» **TO DO**
What is needed is an exact copy of the lines in the entries below from the one holding "Pour un triangle" through the one holding "A woman with", pictures excluded.

» **MATERIAL PROVIDED**
###
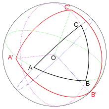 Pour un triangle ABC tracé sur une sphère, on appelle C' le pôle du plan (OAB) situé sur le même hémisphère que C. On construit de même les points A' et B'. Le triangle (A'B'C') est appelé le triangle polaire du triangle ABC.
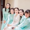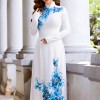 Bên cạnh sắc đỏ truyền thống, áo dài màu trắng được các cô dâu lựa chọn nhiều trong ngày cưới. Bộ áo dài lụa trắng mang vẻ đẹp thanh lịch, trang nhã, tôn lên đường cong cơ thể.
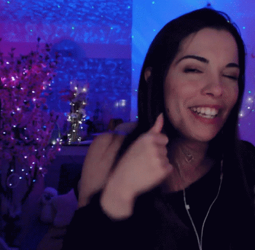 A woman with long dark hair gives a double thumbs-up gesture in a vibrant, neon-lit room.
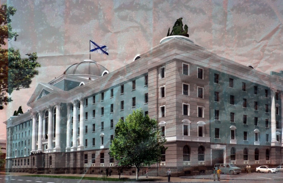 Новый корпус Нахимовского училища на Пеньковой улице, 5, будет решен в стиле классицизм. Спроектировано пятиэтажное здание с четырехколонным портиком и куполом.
###
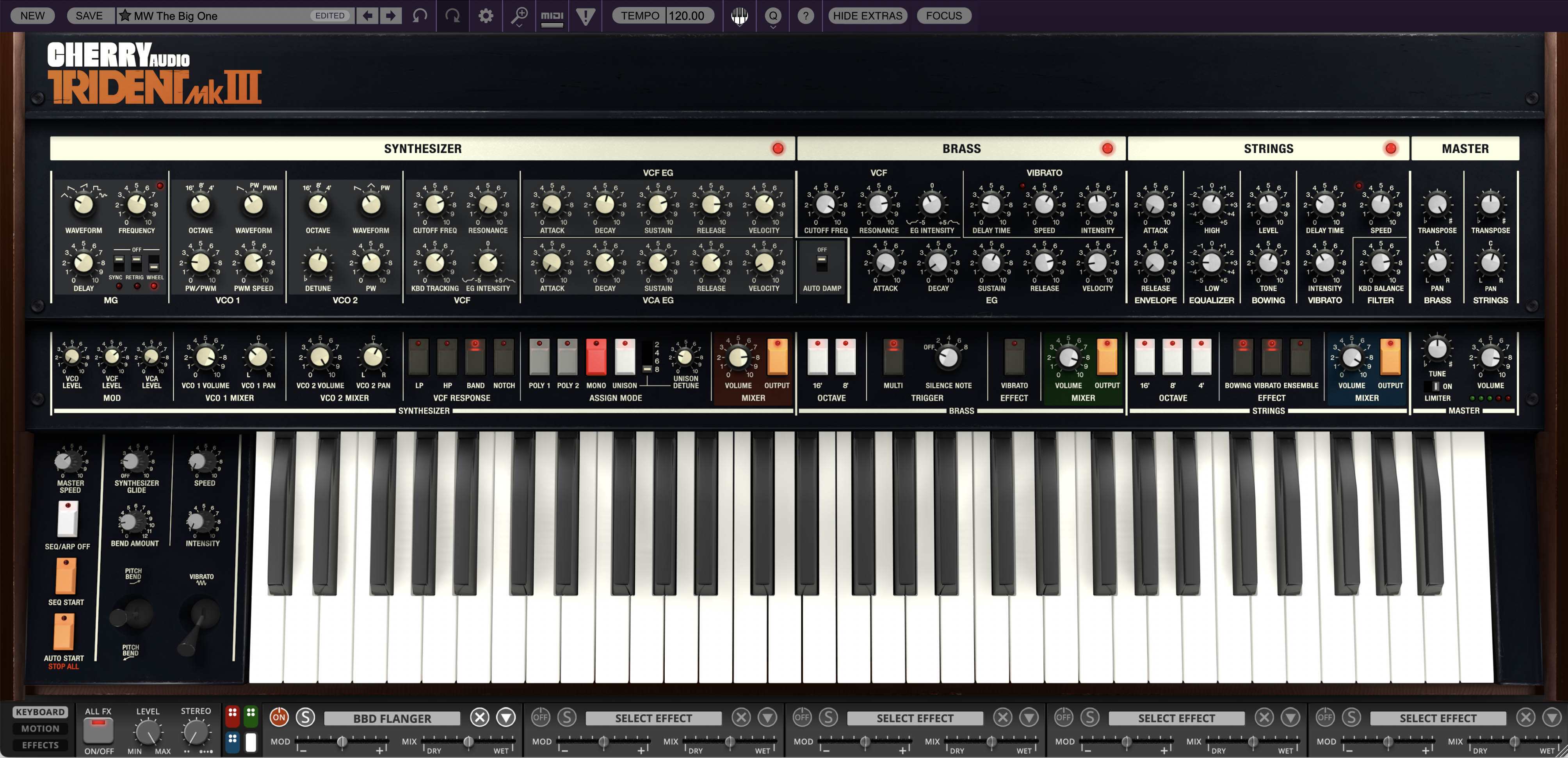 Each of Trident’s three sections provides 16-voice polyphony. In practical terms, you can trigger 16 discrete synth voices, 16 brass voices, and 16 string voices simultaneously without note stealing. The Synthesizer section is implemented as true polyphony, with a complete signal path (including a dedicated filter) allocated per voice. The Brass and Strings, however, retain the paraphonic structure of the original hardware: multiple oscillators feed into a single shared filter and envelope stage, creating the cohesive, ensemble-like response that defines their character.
###
» **ANSWER FOR THE TASK**
 Pour un triangle ABC tracé sur une sphère, on appelle C' le pôle du plan (OAB) situé sur le même hémisphère que C. On construit de même les points A' et B'. Le triangle (A'B'C') est appelé le triangle polaire du triangle ABC.
 Bên cạnh sắc đỏ truyền thống, áo dài màu trắng được các cô dâu lựa chọn nhiều trong ngày cưới. Bộ áo dài lụa trắng mang vẻ đẹp thanh lịch, trang nhã, tôn lên đường cong cơ thể.
 A woman with long dark hair gives a double thumbs-up gesture in a vibrant, neon-lit room.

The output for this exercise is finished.